Frazier is alternately highly annoying and rather fun, and his scenes with Debbie follow the same pattern: “five innocent people who are suspects and someone who should be a suspect but isn’t” he says to her in exasperated admiration, as he tries to track down the lost necklace.
Blanchett, looking eerily like DJ and TV presenter Zoe Ball, is the overseer of the heist, though she’s not in it as much as I was expecting. Bullock is terrific as Debbie, happy to continue the family business and with the guts to not just seethe over her (wholly allowable) grudges but also to act on them – going for a “twofer” (“a job within a job”) could easily have been played out as hubris in a woman but she continually holds her nerve.
The direction is sometimes pedestrian. There’s too much set-up. And I couldn’t work out if some of their heist tricks were glaringly obvious or simply acknowledging that men are, in fact, simple creatures. Sudden problems are too easily solved by a newly-appearing minor character, when it takes me weeks to get a plumber.
But ultimately Ocean’s 8 is a buoyant ride; whose A-list cast give witty and vibrant performances which support each other’s characters as much as showcasing their own.
Debbie’s motivations for stealing the necklace seem to be two-fold: revenge (not a complaint, he totally deserves it); and, like Mallory’s famous justification for climbing Everest, because it’s there. And really, what more do you need?

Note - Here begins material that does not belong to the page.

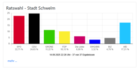 Auch beim neugewählten Stadtrat kommt es zu Änderungen. Hier stehen die endgültigen Wahlergebnisse bereits fest. So setzt sich das politische Entscheidungsgremium der Stadt Schwelm nun aus den folgenden Parteien zusammen CDU (24, 63 Prozent, 11 Sitze), SPD (22,71 Prozent, 10 Sitze), AfD (17,21 Prozent, 8 Sitze), GRÜNE (11,22 Prozent, 5 Sitze), FDP (10,13 Prozent, 5 Sitze), Die Linke (6,09 Prozent, 3 Sitze), BIZ (4,70 Prozent, 2 Sitze) und SWG/BfS (3,32 Prozent, 2 Sitze).

“A him gets noticed, a her gets ignored” she comments, as they’re building an inconspicuous all-women team, though that could never happen with these women. The only male character with any real presence (apart from the dead Danny) is Debbie’s ex-boyfriend, art dealer Claude Becker (Richard Armitage) who is suitably deserving of our combined wrath while also being the object of my female gaze.
Ocean’s 8 has taken some stick, often undeserved. But as Lou coos to Rose after the designer has read out a particularly nasty blog post about her fashion show “That’s very cruel but it doesn’t make it true” (and remember that if I’m ever mean to you).